Actually, I was tipped off on it by an old neighbor of my mine.
[Announcer] Hoping to rescue a piece of rusting history from the clutches of overgrown grass, or a forgotten corner in a farmer’s shop.
When I found it that day, I saw that the cover was off the transmission and there was gears around, and my mind just started going that there’s definitely potential here, and it doesn’t look that bad, it can be fixed.
[Announcer] What Ben unearthed that day was a 1948 Gibson tractor.
You can pull plows behind it and blades and other things. Well I was particularly interested in the sickle bar that it had, and I thought that’d be really handy to hay and to keep the grass down because I didn’t really have anything like that in my shed.

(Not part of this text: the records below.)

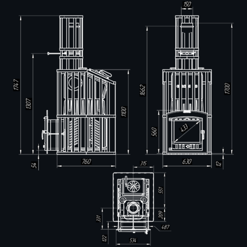 Печи линейки «GROM» имеют в комплекте чугунный короб для установки на каменку и чугунную стартовую трубу длиной 500 мм. Увеличенная масса, толщина боковых стенок 14 мм повышают надежность и теплоаккумулирующую способность, а для быстрого нагрева парной боковые стенки оборудованы конвекционными ребрами не только снаружи, но и на внутренней поверхности.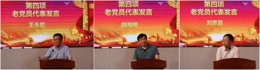 副院长李剑光宣读了《Beat365官方网站党委关于开展“老党员、新作为”主题实践活动的通知》,党龄满30年的老党员代表王永岩、胡海明、刘彦昌分别结合自身工作实际就入党初心、在工作生涯中如何践行初心使命谈了自己的感悟。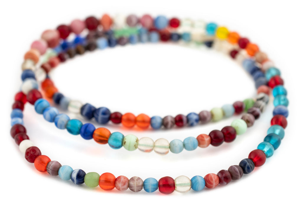 The unique look of kakamba beads is easily recognized among the beads of Africa. Originally produced in former Czechoslovakia, these beads are made using a special process whereby glass is pressed in a mold. Also known as prosser beads, these fun vintage African trade beads come in a variety of different colors and combinations. Each strand is unique. You will receive the exact strand shown in the photo. Each bead measures approximately 6-9 x 6-10mm, with a hole size of approximately 1mm. You will receive one strand measuring approximately 37". There are around 144 beads on each strand. Grab this one of a kind item for yourself today!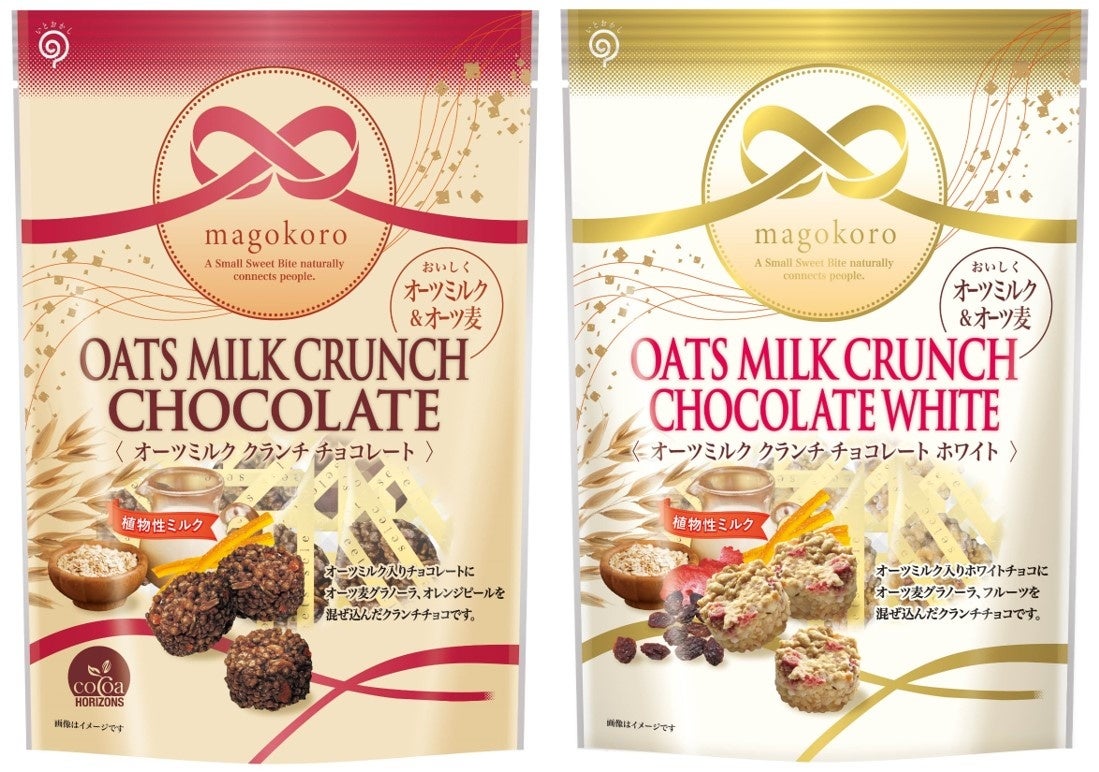 2023年春夏より「magokoroオーツミルククランチチョコレート」「magokoroオーツミルククランチチョコレートホワイト」の2品を新たに販売致します。急上昇中の植物性ミルクであるオーツミルクを使用したチョコレートで、あっさりとほのかな甘みのオーツミルクと混ぜ込まれたフルーツの味わいやクランチの食感が楽しい商品に仕上げました。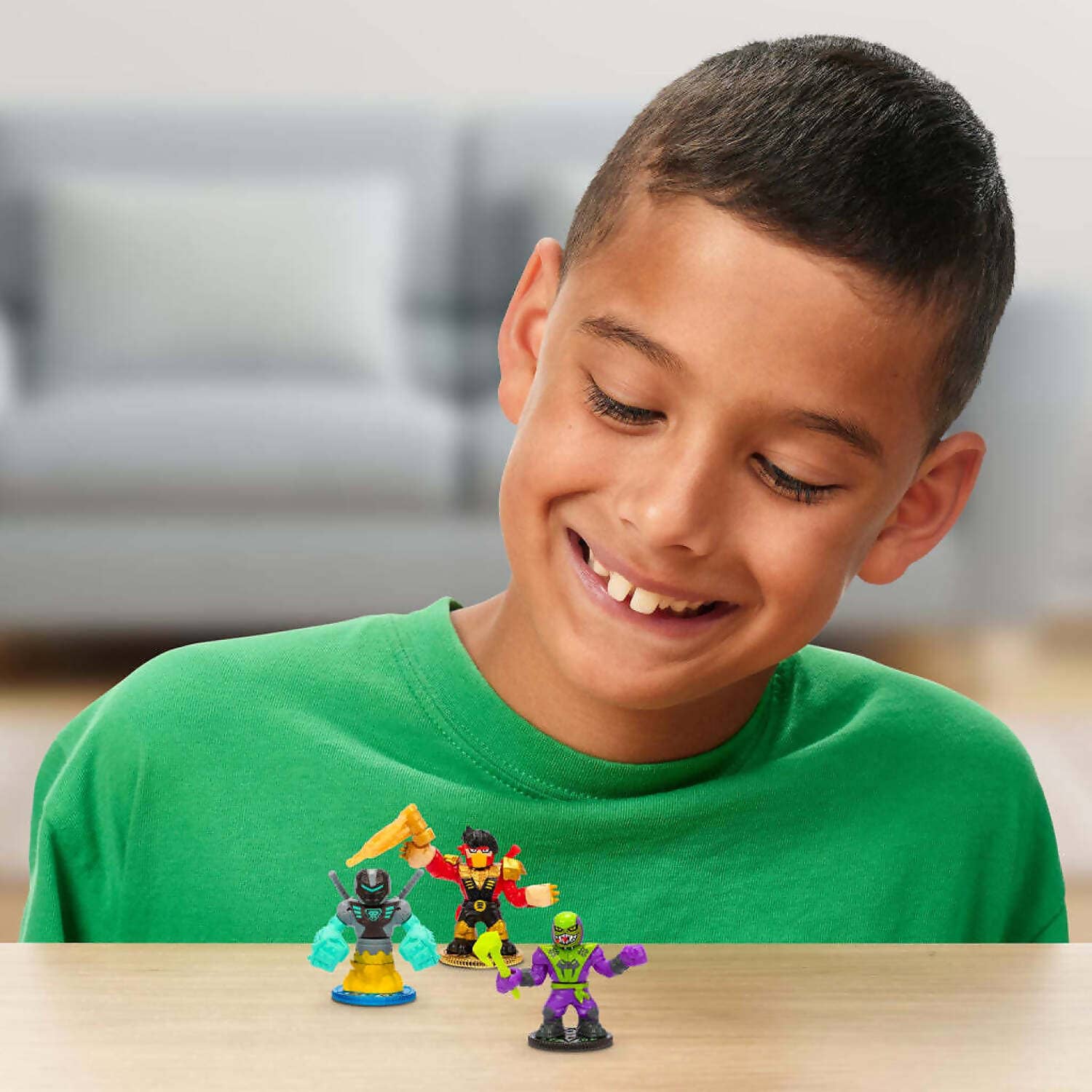 Psyclone Shutdown’s devastating 'Tornado Fists,' Chux’s deadly 'Disc Lasso,' and Venom Fang’s menacing 'Cobra Cane.' But that’s not all! Each of these three warriors' weapons is INTERCHANGEABLE! Store your weapons on the weapons rack and mix, swap, and match them onto your warrior for the best match-up and upper hand in battle. Which weapon will your child think is the most powerful? Utilize the joystick controller provided to perfect each character's weapon and fighting style to be the feared opponent in battle!

And it was just a neat piece. There’s lots of design and character style that you just don’t see that often. For me, there’s usually been an incentive to get into things that require a little bit of sweat equity.
[Announcer] After just a casual stroll around Ben’s shop, one could even argue that perhaps it’s mandatory.
So the first I wanted to do if see if the engine would turn over, see if I could even get the engine to run. You know, spending an hour or two on the engine got it to start right up. It was a pretty amazing moment, and just seemed like the whole spirit of tractor was happier.
[Announcer] Now that it was running, it was time to tackle the transmission.
Had just posted some pictures about this tractor and just mentioned I’m looking for this type of BorgWarner transmission. And lo and behold, some person I had never met that was into other tractors, said you know, I think I’ve got one of those sitting on my shelf. Then I just thought, well, why stop there? It’s just a series of parts. I could start disassembling them, cleaning them and just put a fresh coat of paint on everything. The tiller steer is pretty interesting, just the single lever to steer with. My wife likes to call it the widow maker tractor because she thinks that would be harder to operate than a steering wheel, but I have described it as, well, you could basically lose one arm running the machine and you’d still have a good arm to steer it. Well, you just have to get yourself in a 1940s mindset when you’re operating it. Because there’s only a certain amount of work you can do with it or a certain way of working it that the tractor is going to agree with the best. I think what I really like about operating this tractor is just the greater sense of understanding you have to have operating this equipment.